(Try it) From the first line to the last, output the data exactly as it stands, minus its pictures.

(Recorded data)
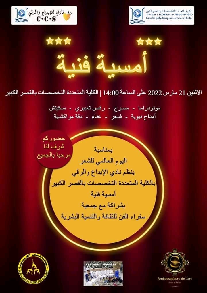 بمناسبة اليوم العالمي للشعر ينظم نادي الإبداع والرقي بالقصر الكبير أمسية فنية بشراكة مع جمعية سفراء الفن للثقافة والتنمية البشرية
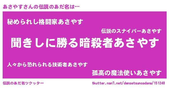 | 男性向けラノベタイトル風あだ名 | 『あさやすという概念が存在しない退屈な世界 』 |
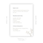 Eleganta kāzu ielūguma detaļu kartīte ar rokām zīmētu ziedu zaru skices elementu un pieskaņotā stilistikā veidotu dizainu gaiši brūnā un pelēkā tonī.
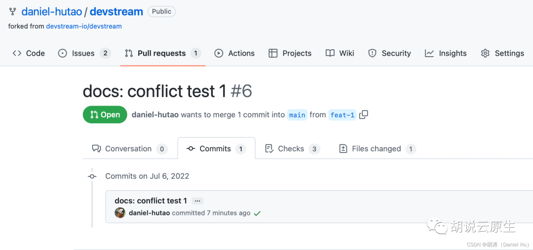 这时候我们再回到 GitHub 看 PR 的话,可以发现冲突已经解决了,并且没有产生多余的 commit 记录,也就是说这个 PR 的 commit 记录非常干净,好似冲突从来没有出现过:

(Task solution)
 بمناسبة اليوم العالمي للشعر ينظم نادي الإبداع والرقي بالقصر الكبير أمسية فنية بشراكة مع جمعية سفراء الفن للثقافة والتنمية البشرية
 | 男性向けラノベタイトル風あだ名 | 『あさやすという概念が存在しない退屈な世界 』 |
 Eleganta kāzu ielūguma detaļu kartīte ar rokām zīmētu ziedu zaru skices elementu un pieskaņotā stilistikā veidotu dizainu gaiši brūnā un pelēkā tonī.
 这时候我们再回到 GitHub 看 PR 的话,可以发现冲突已经解决了,并且没有产生多余的 commit 记录,也就是说这个 PR 的 commit 记录非常干净,好似冲突从来没有出现过:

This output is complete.